There are elements I like about Medieval II that aren’t present in later TW titles (like the armies not needing to be attached to generals, or the simple province system) but it hasn’t aged well in a lot of other respects. Still oh so satisfying to nail the flank of an enemy blob with cavalry or assault infantry. Plus, the Third Age mod is probably the best Lord of the Rings strategy game out there.
I'm actually going to completely disagree and say that turn-based combat is timeless. Sure, the specific implementations in those games were perhaps limited by the technology of the time, but if you play a game like Paper Mario TTYD you see a very smooth and engaging turn-based battle experience. I feel like real-time battling was just pushed so hard because it was something they could brag about, but in pure RPGs it often isn't really that relevant. I'm going to ignore the question of turn-based tactics since that's very obviously a different ballgame, but even for these simpler fights there's a lot to work with. Even in more of a pure menu-based system games like LISA for example had really engaging combat.
I’m actually going to completely disagree and say that turn-based combat is timeless.
As someone currently really enjoying Darkest Dungeon II hard agree
I’m actually going to completely disagree and say that turn-based combat is timeless.
DQ11 has great turn based combat.
Exactly! The reason it's so common in RPGs is as essentially a filler to keep it from being a VN, and to control pacing. The real draw for a lot of those games is meant to be story/setting/characters and the combat is fine as long as it's just kinda ok.
Since you can tolerate turn based combat I highly suggest Breath of Fire 3 and 4. I believe they're the best non-Final-Fantasy RPGs on Playstation, they're so good. Like Final Fantasy, each entry is a self-contained story so you can play any of them without touching the others. It's Playstation-era Capcom so you know the spritework is quality.
Doom is so fucking good! I find that I really prefer modern controls. Even clunky ass Wolfenstein slaps with fully modern controls. A lot easier though lmao
I first played Doom in like 2010 and i remember it still blew me away. Yeah running around in circles because you missed a key kinda sucks but everything else about it slaps even today.
Railroad Tycoon 3 still has the best economic simulator I've seen in a game despite being 20 years old. Industries evolve over time based on a heat map of commodity prices, towns grow in response to the goods you provide, and other railroads compete on a stock market where you can do hostile takeovers.

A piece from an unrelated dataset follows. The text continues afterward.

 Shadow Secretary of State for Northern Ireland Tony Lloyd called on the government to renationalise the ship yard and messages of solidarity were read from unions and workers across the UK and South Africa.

I came here just to say, "fuck you that game didn't age poorly at all, it's still great" and ... that is exactly what I'll do. X-Com is awesome. The UI isn't bad, it's just old. Big difference. Some old games have bad UI just like some new games do, but X-Com's UI is fine.
The game is borderline unplayable without a fan mod showing you TU costs for your moves in advance. There's no indication of how far a soldier can throw a given object. Grenade timers going up to 30 turns is just patently ridiculous, and the way those timers behave defies player expectations. Managing your characters' equipment is a nightmare beyond words. Buying and selling every little piece of equipment, down to spare mags and flares, is silly and pointless. I have hundreds of hours playing oldcom in its various forms, but I also have eyes.

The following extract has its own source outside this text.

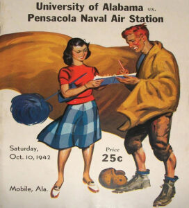 Following the attack on Pearl Harbor, Mobile went from a sleepy little southern port to a boom town manufacturing center. Nearly 100,000 new workers flooded into the city. The shipyards were hastily putting afloat Liberty and Merchant ships. Alcoa was cranking out alumina for airplanes and Brookley Field was building bombers. Boarding houses around town were sleeping men in shifts, and empty lots sprouted tents for all the new inhabitants. The federal government produced a documentary film, “Wartown,” to describe Mobile’s new progress and the challenges it faced. In the fall of 1942, right in the middle of all of this hustle and bustle, the city would host a college football game. And not just any football game, but one featuring perennial national championship contender: the University of Alabama Crimson Tide.

The game is borderline unplayable
Better tell that to all the people who have completed and enjoyed it then. :wojak-nooo: nooo its not playable you need MODS the game DOESNT WORK stop pretending to have fun!!!
The entire point of this post is that people can still have fun with games that are poorly designed.

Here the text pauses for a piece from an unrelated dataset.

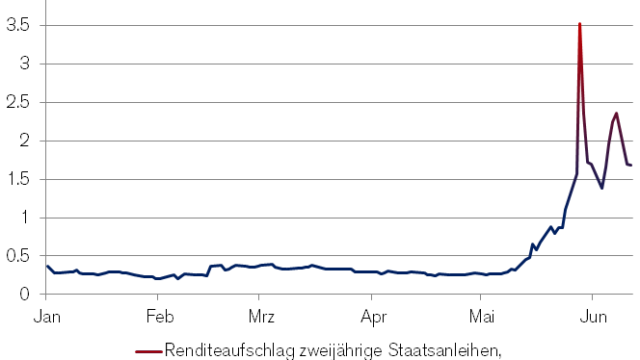 12.06.2018 Chart des Tages Italien im Gefühlschaos. Noch Ende Mai hatte die italienische Regierungskrise die Finanzmärkte fest im Griff.

the point im making is that people unfairly level the "poor design" accusation at games that are perfectly well designed for no other reason than that they come from a different era. which is exactly what you're doing.
I mean nobody says this shit about Pong or PacMan or shit, those UI's are old but they do their jobs perfectly. The reason it's being brought up is because it's clunky and creates friction between a player's actions and their intentions. For example, in nucom, the game will notify you when you aren't performing research but have a project available, whereas oldcom will happily let you trundle along without having any going. This is just an objectively worse experience - it has nothing to do with age or aesthetic, one interface has a UX problem (a player who would want to do research is unaware that they could be doing some, wasting in-game time and falling behind due to a communication failure on the part of the game) and the other resolves it without any sacrifice to gameplay depth.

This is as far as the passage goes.